PROBLEM: Retype the data below, every word of it, exactly.

TASK INPUT:
○ ○ ○
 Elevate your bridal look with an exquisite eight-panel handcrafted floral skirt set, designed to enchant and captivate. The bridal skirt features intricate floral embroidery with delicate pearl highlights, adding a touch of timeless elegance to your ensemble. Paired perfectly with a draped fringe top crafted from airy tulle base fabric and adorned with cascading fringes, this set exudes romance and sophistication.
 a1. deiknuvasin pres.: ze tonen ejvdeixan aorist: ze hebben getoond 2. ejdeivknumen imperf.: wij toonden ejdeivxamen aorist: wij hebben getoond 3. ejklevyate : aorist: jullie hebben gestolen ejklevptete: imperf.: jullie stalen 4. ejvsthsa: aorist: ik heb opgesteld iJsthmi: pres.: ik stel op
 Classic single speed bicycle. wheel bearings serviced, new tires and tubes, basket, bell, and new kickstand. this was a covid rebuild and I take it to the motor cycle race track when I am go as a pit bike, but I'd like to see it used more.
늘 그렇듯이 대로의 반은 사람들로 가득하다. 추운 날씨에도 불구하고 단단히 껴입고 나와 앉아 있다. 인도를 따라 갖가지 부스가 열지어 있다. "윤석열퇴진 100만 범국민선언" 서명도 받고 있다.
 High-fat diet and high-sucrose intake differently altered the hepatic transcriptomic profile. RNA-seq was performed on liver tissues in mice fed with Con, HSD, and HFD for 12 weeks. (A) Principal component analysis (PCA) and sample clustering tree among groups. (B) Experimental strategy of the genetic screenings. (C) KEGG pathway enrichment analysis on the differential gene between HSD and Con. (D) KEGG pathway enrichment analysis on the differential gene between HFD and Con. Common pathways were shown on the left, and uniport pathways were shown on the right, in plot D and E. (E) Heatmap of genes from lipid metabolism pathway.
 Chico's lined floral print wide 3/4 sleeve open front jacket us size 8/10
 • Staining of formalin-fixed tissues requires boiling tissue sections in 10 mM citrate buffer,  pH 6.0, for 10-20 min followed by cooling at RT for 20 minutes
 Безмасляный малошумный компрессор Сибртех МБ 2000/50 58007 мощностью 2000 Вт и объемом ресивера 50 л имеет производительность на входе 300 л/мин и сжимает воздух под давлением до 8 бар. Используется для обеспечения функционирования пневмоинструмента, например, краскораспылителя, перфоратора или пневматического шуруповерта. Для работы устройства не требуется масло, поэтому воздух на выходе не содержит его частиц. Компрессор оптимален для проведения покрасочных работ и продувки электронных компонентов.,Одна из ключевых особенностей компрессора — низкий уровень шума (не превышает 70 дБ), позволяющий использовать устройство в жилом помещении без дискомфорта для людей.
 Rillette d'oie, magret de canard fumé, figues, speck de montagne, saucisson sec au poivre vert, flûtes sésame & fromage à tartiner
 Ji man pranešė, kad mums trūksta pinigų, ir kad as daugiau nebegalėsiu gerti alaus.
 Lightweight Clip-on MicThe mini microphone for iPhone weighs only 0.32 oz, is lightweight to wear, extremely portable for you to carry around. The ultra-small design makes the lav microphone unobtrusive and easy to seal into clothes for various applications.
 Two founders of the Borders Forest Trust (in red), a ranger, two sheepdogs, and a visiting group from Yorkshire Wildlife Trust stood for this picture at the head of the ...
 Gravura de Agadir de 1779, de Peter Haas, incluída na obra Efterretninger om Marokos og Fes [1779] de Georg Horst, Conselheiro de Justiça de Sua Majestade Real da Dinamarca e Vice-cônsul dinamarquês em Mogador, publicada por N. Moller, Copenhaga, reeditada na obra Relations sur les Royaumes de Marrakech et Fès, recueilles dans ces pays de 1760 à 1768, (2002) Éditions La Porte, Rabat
○ ○ ○
SOLUTION TO THE EXERCISE:
 Elevate your bridal look with an exquisite eight-panel handcrafted floral skirt set, designed to enchant and captivate. The bridal skirt features intricate floral embroidery with delicate pearl highlights, adding a touch of timeless elegance to your ensemble. Paired perfectly with a draped fringe top crafted from airy tulle base fabric and adorned with cascading fringes, this set exudes romance and sophistication.
 a1. deiknuvasin pres.: ze tonen ejvdeixan aorist: ze hebben getoond 2. ejdeivknumen imperf.: wij toonden ejdeivxamen aorist: wij hebben getoond 3. ejklevyate : aorist: jullie hebben gestolen ejklevptete: imperf.: jullie stalen 4. ejvsthsa: aorist: ik heb opgesteld iJsthmi: pres.: ik stel op
 Classic single speed bicycle. wheel bearings serviced, new tires and tubes, basket, bell, and new kickstand. this was a covid rebuild and I take it to the motor cycle race track when I am go as a pit bike, but I'd like to see it used more.
늘 그렇듯이 대로의 반은 사람들로 가득하다. 추운 날씨에도 불구하고 단단히 껴입고 나와 앉아 있다. 인도를 따라 갖가지 부스가 열지어 있다. "윤석열퇴진 100만 범국민선언" 서명도 받고 있다.
 High-fat diet and high-sucrose intake differently altered the hepatic transcriptomic profile. RNA-seq was performed on liver tissues in mice fed with Con, HSD, and HFD for 12 weeks. (A) Principal component analysis (PCA) and sample clustering tree among groups. (B) Experimental strategy of the genetic screenings. (C) KEGG pathway enrichment analysis on the differential gene between HSD and Con. (D) KEGG pathway enrichment analysis on the differential gene between HFD and Con. Common pathways were shown on the left, and uniport pathways were shown on the right, in plot D and E. (E) Heatmap of genes from lipid metabolism pathway.
 Chico's lined floral print wide 3/4 sleeve open front jacket us size 8/10
 • Staining of formalin-fixed tissues requires boiling tissue sections in 10 mM citrate buffer,  pH 6.0, for 10-20 min followed by cooling at RT for 20 minutes
 Безмасляный малошумный компрессор Сибртех МБ 2000/50 58007 мощностью 2000 Вт и объемом ресивера 50 л имеет производительность на входе 300 л/мин и сжимает воздух под давлением до 8 бар. Используется для обеспечения функционирования пневмоинструмента, например, краскораспылителя, перфоратора или пневматического шуруповерта. Для работы устройства не требуется масло, поэтому воздух на выходе не содержит его частиц. Компрессор оптимален для проведения покрасочных работ и продувки электронных компонентов.,Одна из ключевых особенностей компрессора — низкий уровень шума (не превышает 70 дБ), позволяющий использовать устройство в жилом помещении без дискомфорта для людей.
 Rillette d'oie, magret de canard fumé, figues, speck de montagne, saucisson sec au poivre vert, flûtes sésame & fromage à tartiner
 Ji man pranešė, kad mums trūksta pinigų, ir kad as daugiau nebegalėsiu gerti alaus.
 Lightweight Clip-on MicThe mini microphone for iPhone weighs only 0.32 oz, is lightweight to wear, extremely portable for you to carry around. The ultra-small design makes the lav microphone unobtrusive and easy to seal into clothes for various applications.
 Two founders of the Borders Forest Trust (in red), a ranger, two sheepdogs, and a visiting group from Yorkshire Wildlife Trust stood for this picture at the head of the ...
 Gravura de Agadir de 1779, de Peter Haas, incluída na obra Efterretninger om Marokos og Fes [1779] de Georg Horst, Conselheiro de Justiça de Sua Majestade Real da Dinamarca e Vice-cônsul dinamarquês em Mogador, publicada por N. Moller, Copenhaga, reeditada na obra Relations sur les Royaumes de Marrakech et Fès, recueilles dans ces pays de 1760 à 1768, (2002) Éditions La Porte, Rabat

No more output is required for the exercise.